• Task brief:
Find the line with "Bên cạnh đó, để" in the data below. Repeat it and every line after it exactly, but not the pictures.

• Available data:
════

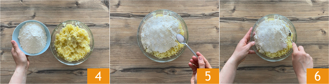 Adicione à purê de batatas a farinha 4 e o sal 5. Misture os ingredientes, tentando uniformizá-los 6.
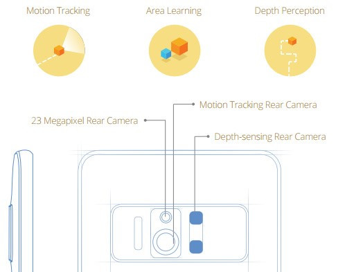 Bên cạnh đó, để tối ưu tính năng Google Tango - cho phép quét và dựng một bản đồ 3D của mọi vật thể trong không gian ảo xung quanh người dùng, mặt sau Zenfone AR cũng được tăng cường cả camera theo dõi chuyển động và camera ghi nhận độ sâu vật thể. Asus cho biết hiện có khoảng 35 ứng dụng AR cài sẵn trong máy.
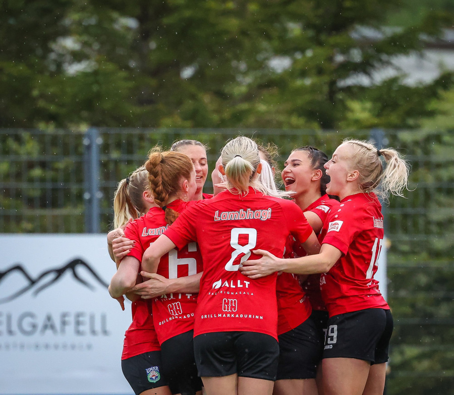 Jade spilar góðan þríhyrning við Önnu og sendir fasta sendingu fyrir markið og Sigrún var þar mætt að pota boltanum inn.

════

• Response area:
 Bên cạnh đó, để tối ưu tính năng Google Tango - cho phép quét và dựng một bản đồ 3D của mọi vật thể trong không gian ảo xung quanh người dùng, mặt sau Zenfone AR cũng được tăng cường cả camera theo dõi chuyển động và camera ghi nhận độ sâu vật thể. Asus cho biết hiện có khoảng 35 ứng dụng AR cài sẵn trong máy.
 Jade spilar góðan þríhyrning við Önnu og sendir fasta sendingu fyrir markið og Sigrún var þar mætt að pota boltanum inn.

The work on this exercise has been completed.